# What is required
Show the lines of the material that contain the word "Transfiguration".

# Data provided
++++++++++++++++++++

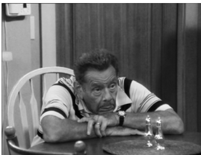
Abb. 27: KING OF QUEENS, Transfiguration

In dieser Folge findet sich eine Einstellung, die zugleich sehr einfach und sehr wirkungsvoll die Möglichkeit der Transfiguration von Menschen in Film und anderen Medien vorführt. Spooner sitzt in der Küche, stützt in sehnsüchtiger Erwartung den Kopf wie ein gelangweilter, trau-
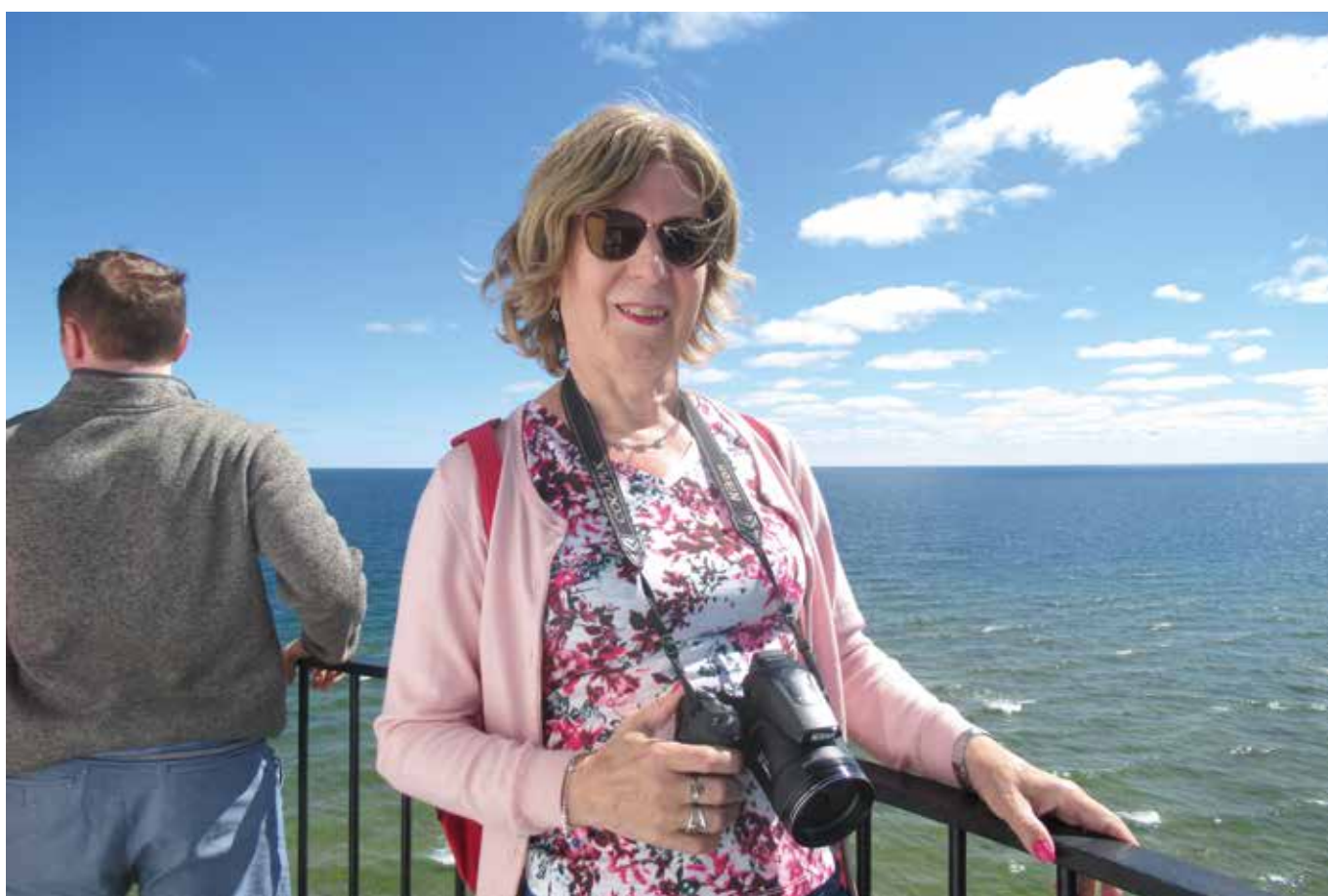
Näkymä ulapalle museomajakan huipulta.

++++++++++++++++++++

# Worked solution
Abb. 27: KING OF QUEENS, Transfiguration
In dieser Folge findet sich eine Einstellung, die zugleich sehr einfach und sehr wirkungsvoll die Möglichkeit der Transfiguration von Menschen in Film und anderen Medien vorführt. Spooner sitzt in der Küche, stützt in sehnsüchtiger Erwartung den Kopf wie ein gelangweilter, trau-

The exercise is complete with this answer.